After receiving the go-ahead for in-person theater, the PAD is full steam ahead

| Managing Editor

Performers take a bow after “Masquerade,” the 2020 Black Anthology show and one of the last to be performed in the Edison Theatre. Photo by Morad Suliman | Student Life

In-person classes are back at Washington University, and so too is indoor theater back at the Performing Arts Department. That decision has been a long time coming. After the last year of Zoom theater, recorded performances and outdoor theater in April, the department has finally been cleared to resume mostly normal operations. 

“We only found out the other day that we can do this,” William Whitaker, professor of Drama in the PAD and chair of the production committee, said. “So there was a great sigh of relief and excitement.”

Of course, the coronavirus pandemic is not over. Theater isn’t back to what it was in previous years while actors can remain maskless when more than 6 feet from each other onstage, everyone in the audience and backstage must be masked, as must actors when they cross that 6-foot boundary. 

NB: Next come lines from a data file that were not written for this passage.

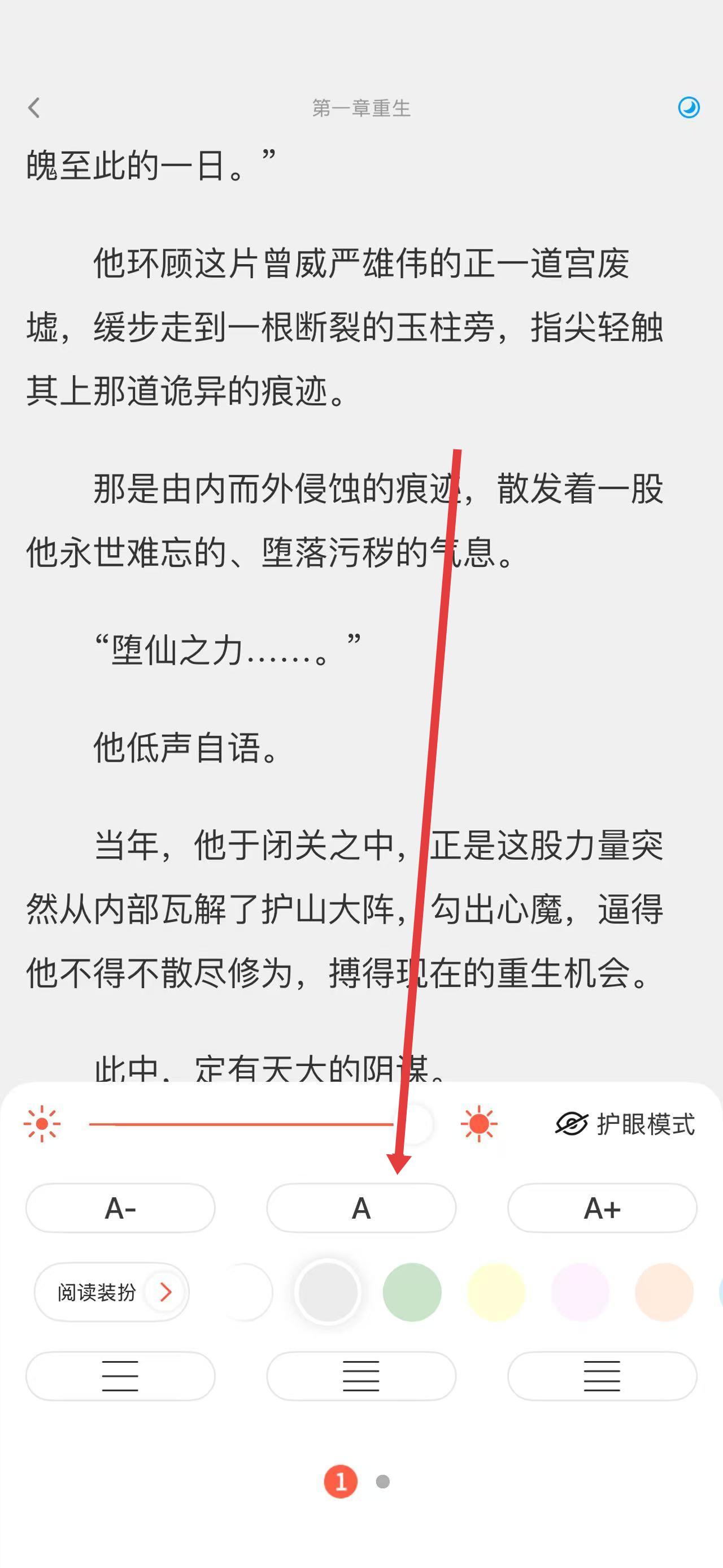3、在设置界面中,找到字体大小调节选项A-、A、A+,选择合适的字体大小还能在下方选择不同颜色的阅读背景,调整阅读装扮。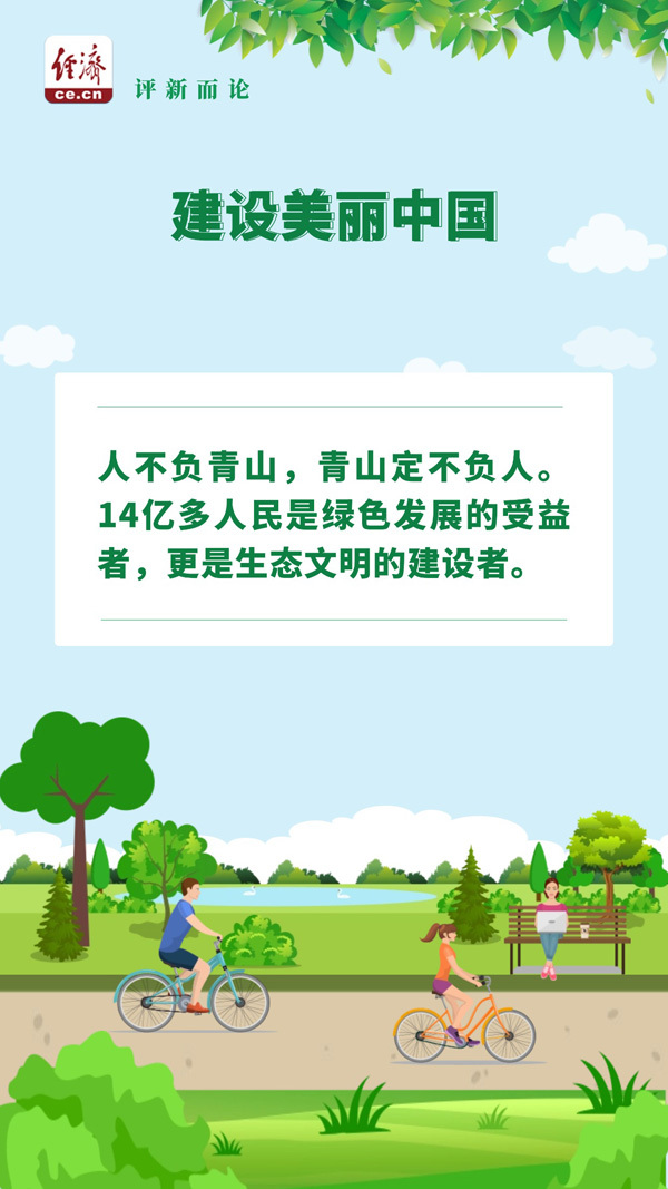 人不負(fù)青山,青山定不負(fù)人。14億多人民是綠色發(fā)展的受益者,更是生態(tài)文明的建設(shè)者。都說國很大,其實一個家。讓家園更美麗,期待每個人都能出一份力。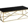Ława, blat: szkło hartowane, stelaż: stal nierdzewna, kolor: czarny, efekt marmuru / złoty.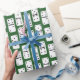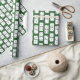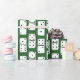 Simple hand-drawn style illustrations of dominoes in white with black printing or dots on them are arranged in a pattern against a green background on this wrapping paper. It's perfect for anyone who loves playing dominoes and other games.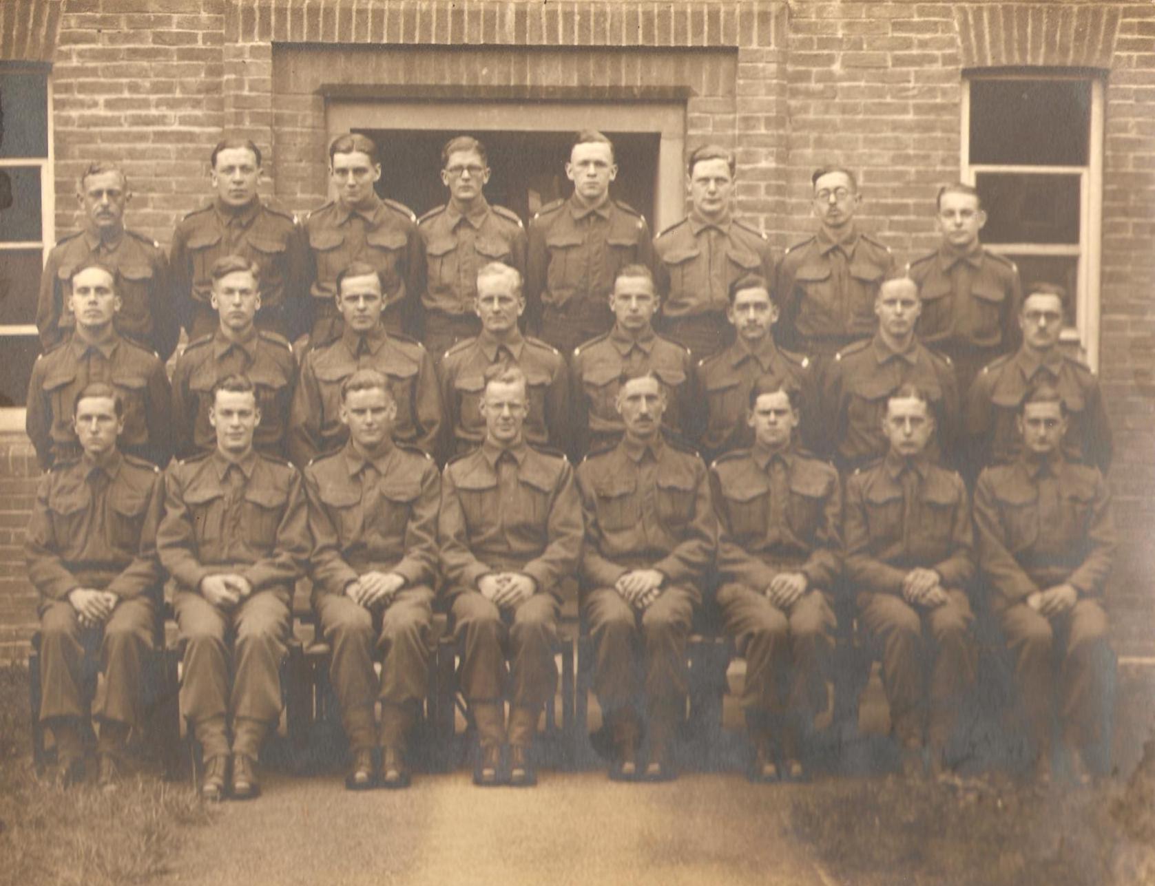 Believed to be Officers of 6th Airborne Divisional Signals. Lieutenant Norman Bradshaw is third from the right on the middle row. Click here for a full-size (187kb) photograph. Copyright: Mike Bradshaw.

This isn’t the PAD’s first rodeo with masking rules. Last year’s two outdoor shows, “COVID Mysteries” and “Tough!,” played with masks as well.

“I got to experiment with this a little bit with ‘Tough!’ in the spring,” Whitaker said. “When [the actors] got closer their masks were up, and I thought the audience was accepting of that.”

In “Tough!,” actors dramatically pulled their masks up when they stepped forward to confront other characters, something that Whitaker foresees continuing, especially in the season’s first play, “She Kills Monsters.” 

“She Kills Monsters” is a fun, playful piece of theater with both elaborate sword fights and moments of closeness. The show, inspired by Dungeons and Dragons, would allow for masking during fights, but also for other forms of distanced closeness, Whitaker said. 

“I think we can get away with some sort of staging that is affectionate, but removed. I’m calling it socially distanced intimacy.”

Of course, there is the ever-present worry that classes may return to an online format, thus rendering in-person theater impracticable. “She Kills Monsters” can adapt to that, too the play was rewritten for an online format during quarantine last summer, and though this isn’t ideal, Whitaker says the PAD can adjust and perform it as an online piece. 

Right now, though, he said that “everybody is trying to focus on reclaiming the world of real theater.” By real theater, Whitaker meant “to really bring things that you have planned in sketch and on your computer and actually see them made manifest in a theater.”

That’s not to say improv and outdoor theater aren’t real theater, he added, but that after so long making Zoom plays and outdoor plays, theater practitioners are eager to perform indoors again.

“The work of the theater is communal,” Whitaker explained. “It’s an ensemble. It’s people in a room together making a thing, a beautiful thing, a funny thing, a terrible thing, whatever.”

That quality, of people in a room, is what he hopes people who haven’t gotten to experience WashU theater recently will take away from the experience of this season. The goal, he said, is to share “the exquisite delight of sharing an event with other human beings and that collective spirit of the live actor in front of you, and the audience and that sort of electricity, and real people in a real room doing real things.”

It’s the emphasis on realness that defines live theater. We live in an age of TV and movies, but sitting in a room with a crowd, watching a show in real time, is, after a long hiatus, finally back.